Appears primary merge partner (Allliance) will not ASX list prior to merge ...... so SGX only for a while (that is the sore point for holders and where rule #6 comes in).


----------



## HelloU (23 September 2018)

so .....nobody up for a holiday in Asia?


----------



## HelloU (1 October 2018)

funding package agreed (for taw ....but really to come back to asx in due course) and looks like asia holiday is still on the cards, but i suspect that calderwood is pushing this so hard that there is not a lot of risk of this not future asx listing (post merge). He just seems to be blocking every other 'escape' route so thoroughly. 

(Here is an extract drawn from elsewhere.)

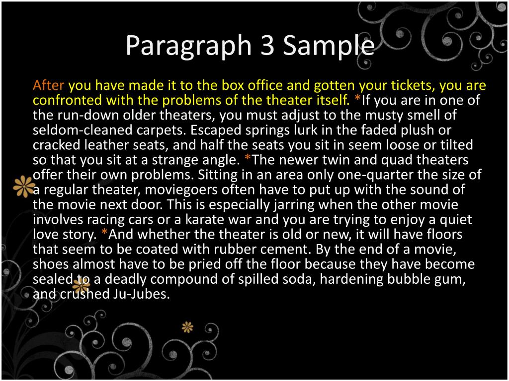 Paragraph 3 Sample Afteryou have made it to the box office and gotten your tickets, you are confronted with the problems of the theater itself.*If you are in one of the run-down older theaters, you must adjust to the musty smell of seldom-cleaned carpets. Escaped springs lurk in the faded plush or cracked leather seats, and half the seats you sit in seem loose or tilted so that you sit at a strange angle. *The newer twin and quad theaters offer their own problems. Sitting in an area only one-quarter the size of a regular theater, moviegoers often have to put up with the sound of the movie next door. This is especially jarring when the other movie involves racing cars or a karate war and you are trying to enjoy a quiet love story. *And whether the theater is old or new, it will have floors that seem to be coated with rubber cement. By the end of a movie, shoes almost have to be pried off the floor because they have become sealed to a deadly compound of spilled soda, hardening bubble gum, and crushed Ju-Jubes.

Rumours of a galaxy sniff but dunno .....


----------



## HelloU (4 October 2018)

wysiwyg r u in this? (u wrote in cow) I am putting in the drawer till it returns to oz ...in fact gunna buy dips if they present in the chaos (that plunge the other day was a bit too quick for me and then the halt brick-walled it anyway).


----------



## System (8 January 2019)

On January 4th, 2019, Tawana Resources NL (TAW) was removed from the ASX's Official List in accordance with Listing Rule 17.11, following implementation of the scheme of arrangement between TAW and its shareholders in connection with the acquisition of all the issued capital in TAW by Alliance Mineral Assets Limited.


----------